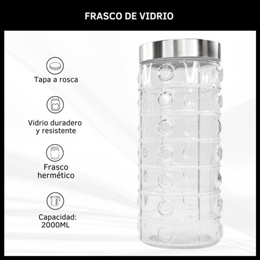FRASCO DE VIDRIO CAPACIDAD DE 2000ML TAPA DE ALUMINIO CIERRE HERMÉTICO
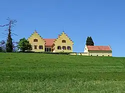 Anfangs bestand das Schloss aus zwei aneinandergebauten Gebäuden. Die Giebel sind als so genannte Treppengiebel ausgestaltet.[2] Der ursprünglich überdachte Turm ist mit Zinnen bewehrt. Am Schloss befindet sich auch eine der Heiligen Maria geweihte Schlosskapelle. Die Schlosskapelle besteht aus einem Oratorium und einer Sakristei. An der Zufahrt zum Schloss steht eine Pestsäule. Die ursprüngliche Säule wurde durch einen umstürzenden Baum zerstört, und heute steht an ihrer Stelle eine identische Kopie. Diese mit einem Kupferdach versehene Kopie ist mit Obst- und Blumengirlanden ausgestaltet, und in den vier Nischen sind Heiligenfiguren angebracht. Die Figuren stellen den Heiligen Sebastian, den Heiligen Urban, den Heiligen Franziskus sowie den Heiligen Antonius dar. Etwas abseits des Schlosses befindet sich das Mausoleum der Familie Haan.[1]
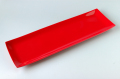 幅11.5cm×長さ36cm×高さ2.1cm、四角がなだらかに上がった長さのあるさんま皿。ビビッドな赤釉が目をひきます。平らな面が多いので珍味入れや小皿をのせて前菜皿としても 。

▸ **WHAT YOU WILL DO**
Give back the whole listing as it stands, minus its pictures.

▸ **ANSWER SPACE**
FRASCO DE VIDRIO CAPACIDAD DE 2000ML TAPA DE ALUMINIO CIERRE HERMÉTICO
 Anfangs bestand das Schloss aus zwei aneinandergebauten Gebäuden. Die Giebel sind als so genannte Treppengiebel ausgestaltet.[2] Der ursprünglich überdachte Turm ist mit Zinnen bewehrt. Am Schloss befindet sich auch eine der Heiligen Maria geweihte Schlosskapelle. Die Schlosskapelle besteht aus einem Oratorium und einer Sakristei. An der Zufahrt zum Schloss steht eine Pestsäule. Die ursprüngliche Säule wurde durch einen umstürzenden Baum zerstört, und heute steht an ihrer Stelle eine identische Kopie. Diese mit einem Kupferdach versehene Kopie ist mit Obst- und Blumengirlanden ausgestaltet, und in den vier Nischen sind Heiligenfiguren angebracht. Die Figuren stellen den Heiligen Sebastian, den Heiligen Urban, den Heiligen Franziskus sowie den Heiligen Antonius dar. Etwas abseits des Schlosses befindet sich das Mausoleum der Familie Haan.[1]
 幅11.5cm×長さ36cm×高さ2.1cm、四角がなだらかに上がった長さのあるさんま皿。ビビッドな赤釉が目をひきます。平らな面が多いので珍味入れや小皿をのせて前菜皿としても 。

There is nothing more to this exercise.